Another limitation in past analyses of this numt is that the original Arabidopsis reference mitogenome (Unseld, et al. 1997) and nuclear genome (Arabidopsis Genome Initiative 2000) derive from different ecotypes (C24 and Col-0, respectively). In addition, the original mitogenome sequence has hundreds of sequencing errors (Davila, et al. 2011; Sloan, et al. 2018). With the recent generation of accurate long-read sequencing data for the Arabidopsis nuclear genome (Naish, et al. 2021; Wang, et al. 2021) and a reference mitogenome for the Col-0 accession (Sloan, et al. 2018), there is a renewed opportunity to assemble and analyze this intriguing numt.

RESULTS AND DISCUSSION

Structure of the Arabidopsis Chromosome 2 numt

By performing a de novo assembly with hifiasm (Cheng, et al. 2021) of PacBio HiFi reads generated as part of the recent Col-CEN effort to span the centromeres in the Arabidopsis genome (Naish, et al. 2021), we produced a gap-free contig that covered the entire numt insertion in Chromosome 2 (Figure 1). The large numt was embedded within a 12.6-Mb contig and was consistent in both size (641-kb) and structure with the recent Col-XJTU genome assembly (Wang, et al. 2021), but it differed considerably in nucleotide sequence (see below). Our assembly also matched the repeat structure previously inferred from fiber-FISH and fell within the estimated size range of 618 ±42 kb from that analysis (Stupar, et al. 2001).

Figure 1.

Structure of the Arabidopsis Chromosome 2 numt. (A) A simplified circular representation of the Arabidopsis mitogenome. The sequence from the C24 ecotype was used for structural comparisons with the numt because the Col-0 mitogenome contains rearrangements associated with recombination at small repeats (see main text). This conformation of the C24 mitogenome corresponds to the previously described D’–A’–C–B structure (Stupar, et al. 2001). R1 and R2 indicate the two large pairs of repeats. Intervening single-copy regions are in different colors, also indicated on the mitogenome map in panel C. (B) Recombination between a pair of repeats in the mitogenome produces four possible alternative combinations of flanking sequences (as shown for R1) which are thought to be present at near equal frequencies in tissue samples. The first three of these conformations are all found within the numt. (C) Structural comparison of the numt and mitogenome. The mitogenome sequence (top) is annotated with the large repeat sequences (R1 and R2) and pairs of breakpoints (BP1, BP2, and BP3) associated with chimeric fusions in the numt that are possibly the result of non-homologous end-joining. Green shaded regions show blocks of syntenic sequence conserved in the numt (bottom). Tick marks below the numt show SNVs (black) and indel/structural variants (red) relative to the Col-0 mitogenome sequence. Some large sections of the mitogenome appear three times in the numt (indicated in shades of gray to black in the 3-Copy Reps row). The curved gray lines connect pairs of variants where two copies share an allele that differs from the mitogenome and the other repeat copy. The colored blocks show locations of four bacterial artificial chromosomes (BACs) originally used to assemble this genome region. The darker block for each BAC indicates the actual location of that BAC within the numt. The blocks in fainter colors represent repeated sequences similar to the BAC. The adjacent white boxes (Tandem Dup) represent the resulting copies from a putative 135-kb tandem duplication that occurred within the nuclear genome after the numt had already begun to diverge in sequence. The repetitive structure of the numt led to the T17H1 BAC being incorrectly overlapped with the T5M2 and T18C6 BACs in the original Arabidopsis genome assembly, resulting in the exclusion of two large regions of intervening sequences (indicated by the black lines in the Omitted Seq row).
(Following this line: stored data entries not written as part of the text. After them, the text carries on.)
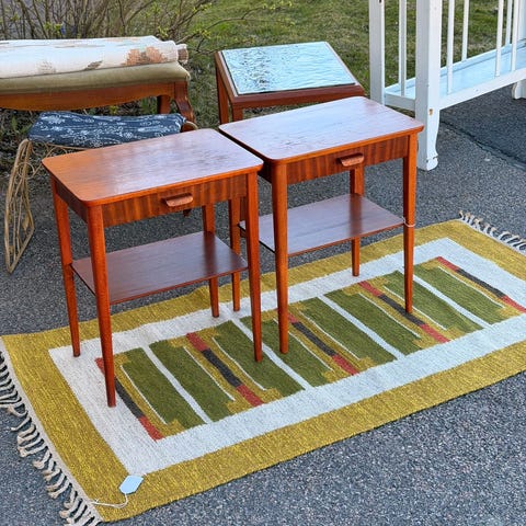 Klassiskt snygga sängbord i teak. Säljes som par. Kan skickas mot fraktkostnad.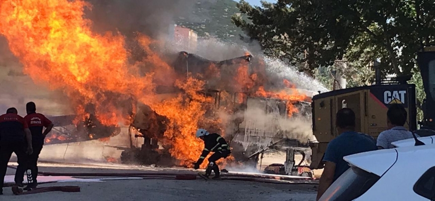 Metallerden çıkan kıvılcımın yol açtığı yangın sonucu iş makinesi alev aldı, bu sırada çalışma yapan 3 işçi yaralandı.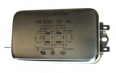 This is FN2090 Series 20A 250 V ac 0 → 400Hz Flange Mount RFI Filter with Tab Terminals manufactured by Schaffner. The manufacturer part number is FN2090-20-06. The given dimensions of the product include 113.5 x 57.5 x 54.4mm. The product is available in flange mount configuration. The product fn2090, is a highly preferred choice for users. Moreover, it has fast-on terminal style. Whereas, the minimum operating temperature of the product is -25°c. It harbors 1.02 ma of leakage current. Its accurate length is 113.5mm. In addition, the height is 45.4mm. It provides a 1 μf, 10nf of capacitance value. The product comes in 57.5mm depth. The product has a 2.7 mh inductance value. It has a maximum 250 v ac/dc voltage rating. Furthermore, the product has 0 → 400hz operating frequency range. Whereas it is comprised of 1 phases. It includes two stage stages. It has a maximum operating temperature of +100°c. Additionally, the product has a maximum 20a current rating . It carries 220kω resistance.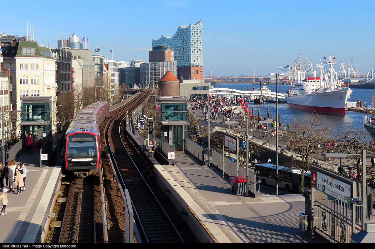 Imposing scenery at the station Landungsbrücken: U-Bahn-Line 3 arrives at the station, the high building in the background is the Elbphilharmonie (a very modern music hall, opened 2016) and the white-red ship on the right side is the Cap San Diego, an old freight ship built 1961 just before the container was invented.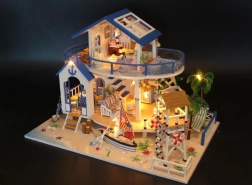 Stwórz malowniczy domek w stylu nadmorskiego kurortu z biało-niebieską paletą, werandą oraz bogatym wyposażeniem mebli i dekoracji. Precyzyjnie dopracowane detale, działające lampki LED i przyjemna atmosfera czynią z niego wyjątkowy element wystroju oraz świetny projekt na wolny czas.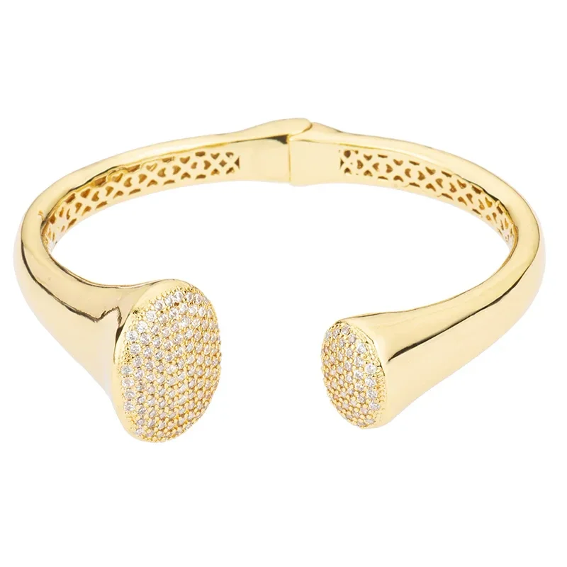Bracciale Barbieri Clou. Bracciale rigido in acciaio gold con design a doppio chiodo è impreziosito da capocchie rifinite in pavé di zirconi. Chiusura a scatto, Diametro 6,8 cm e Larghezza: 0,6/2 cm. Due anni di garanzia ufficiale Barbieri. Referenza: BL40558-XD01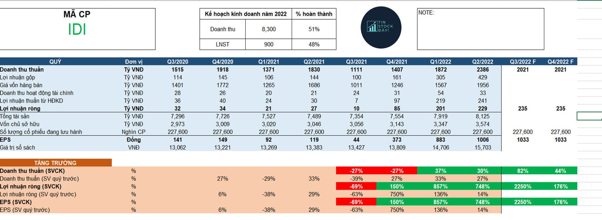 => Dựa trên nhưng thông tin cũng như đánh giá số liệu theo tiêu chuẩn TFA thì IDI có tiềm năng để tham gia đầu tư trong giai đoạn cuối năm.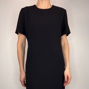 Classic and minimalist, featuring a clean silhouette with short sleeves, a crew neckline, and a back zip closure. Made in the USA from a structured polyester-spandex blend, the dress offers a flattering drape with light stretch. Perfect as a timeless wardrobe staple or an understated formal piece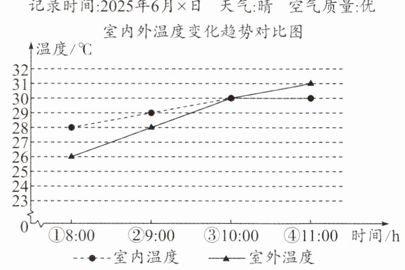 9. ①(8:00)通风效果最好。此时室内温度(约28℃)高于室外温度(约26℃),温差约2℃,为四个时间点中最大。根据“热压通风”原理,温差越大,空气流速越快,换气效果越显著,故8:00开窗通风效果最佳。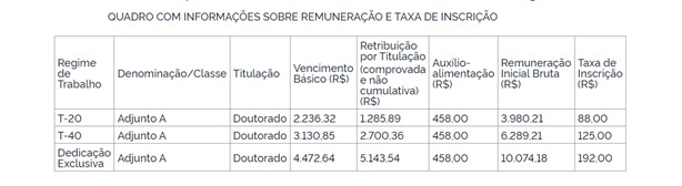 Confira a remuneração e taxa de inscrição: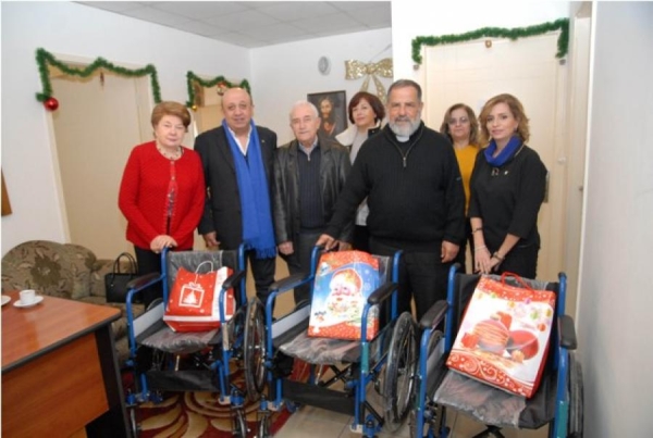 وقدم وفد الروتاري الى ادارة الدار ثلاثة كراسي متحركة مخصصة للمسنين وهدايا عبارة عن مستلزمات وحاجيات شخصية .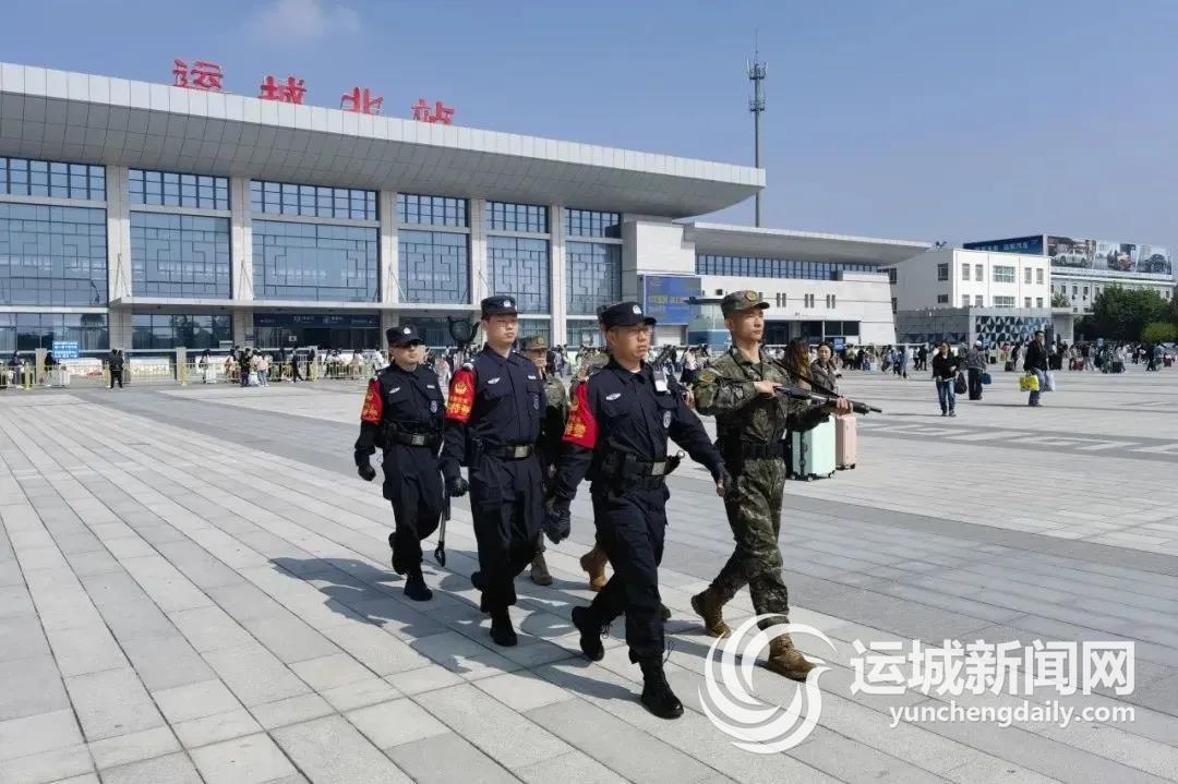 盐湖公安巡特警、武警联动武装巡逻,加强运城北站安保。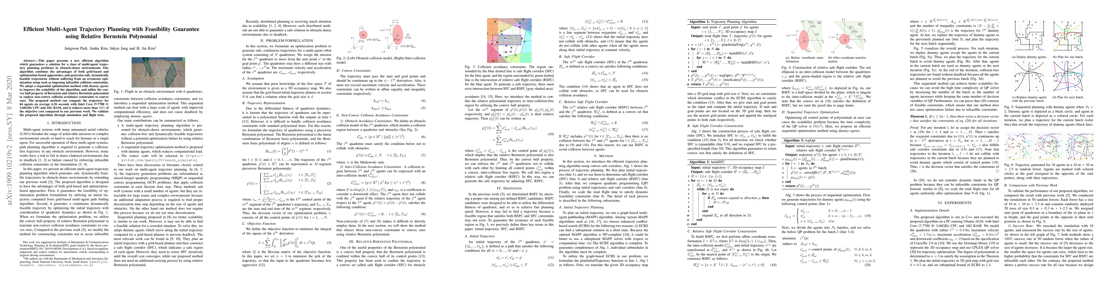 This paper presents a new efficient algorithm which guarantees a solution for a class of multi-agent trajectory planning problems in obstacle-dense environments. Our algorithm combines the advantages of both grid-based and optimization-based approaches, and generates safe, dynamically feasible trajectories without suffering from an erroneous optimization setup such as imposing infeasible collision constraints. We adopt a sequential optimization method with \textit{dummy agents} to improve the scalability of the algorithm, and utilize the convex hull property of Bernstein and relative Bernstein polynomial to replace non-convex collision avoidance constraints to convex ones. The proposed method can compute the trajectory for 64 agents on average 6.36 seconds with Intel Core i7-7700 @ 3.60GHz CPU and 16G RAM, and it reduces more than $50\%$ of the objective cost compared to our previous work. We validate the proposed algorithm through simulation and flight tests.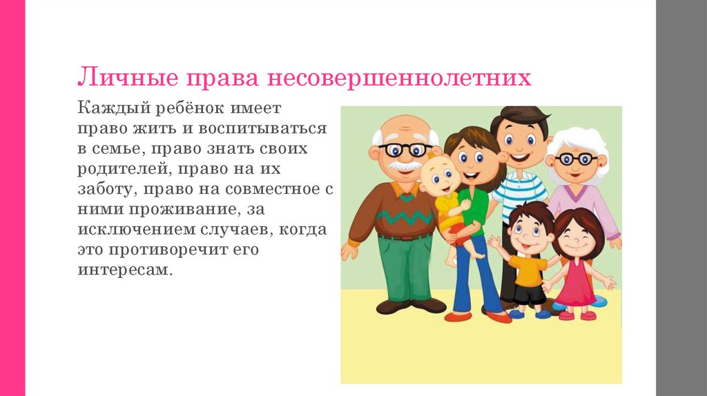 Личные права несовершеннолетнихКаждый ребёнок имеет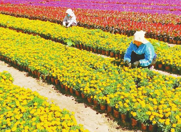 近日,南和区瑞辉花卉苗木场,花农正在管护准备出售的花卉盆栽。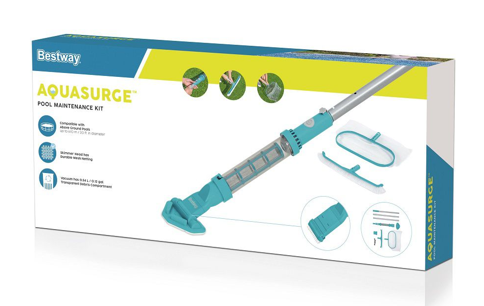 ערכת ניקיון גדולה ואיכותית לתחזוקה וניקיון הבריכה באמצעות שואב קרקעית נטען, איכותי לניקוי קרקעית הבריכה במהירות ויעילות, קל להרכבה, תפעול ונשיאה.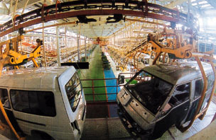 兩岸汽車最大合資企業——東南汽車總裝車間。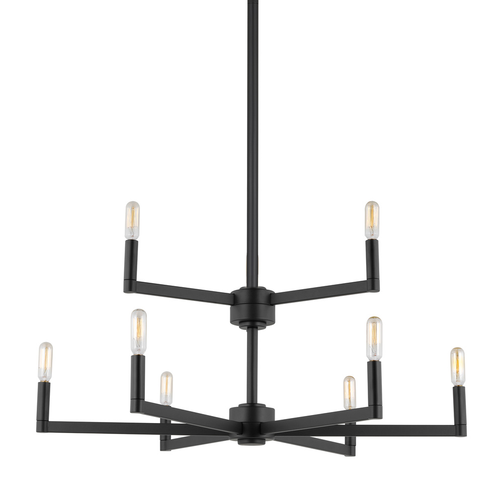The Fullton nine light multi-tier chandelier in Midnight Black is sleek, contemporary, and uber minimalistic. Visual interest is created using a mix of rectangular and round frames, a subtle design detail. Although this collection is contemporary, it can be mixed in with variety of collections with ease.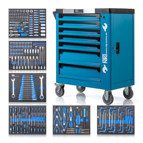NTG Werkzeugwagen bestückt mit Werkzeug + 7 Schubladen | 252 Teilig | Abschließbar | Davon 6 mit Werkzeug | Mit Soft Inlays in Carbonoptik | Werkstattwagen gefüllt Werkzeugkasten

The assembled numt is considerably larger than the reference A. thaliana Col-0 mitogenome because of extensive sequence duplication, including large tandem repeats. The earlier fiber-FISH study (Stupar, et al. 2001) concluded that repeat-mediated overlap between bacterial artificial chromosomes (BACs) used in the original nuclear genome assembly led to the exclusion of a single large internal region. However, by obtaining the entire numt sequence, we found that the T17H1 BAC does not represent the repeat on the centromere-end of the numt as previously inferred. Instead, this BAC derives from the middle of three repeat copies in the numt, meaning that two flanking regions on either side of the T17H1 BAC were omitted from the original assembly (Figure 1c).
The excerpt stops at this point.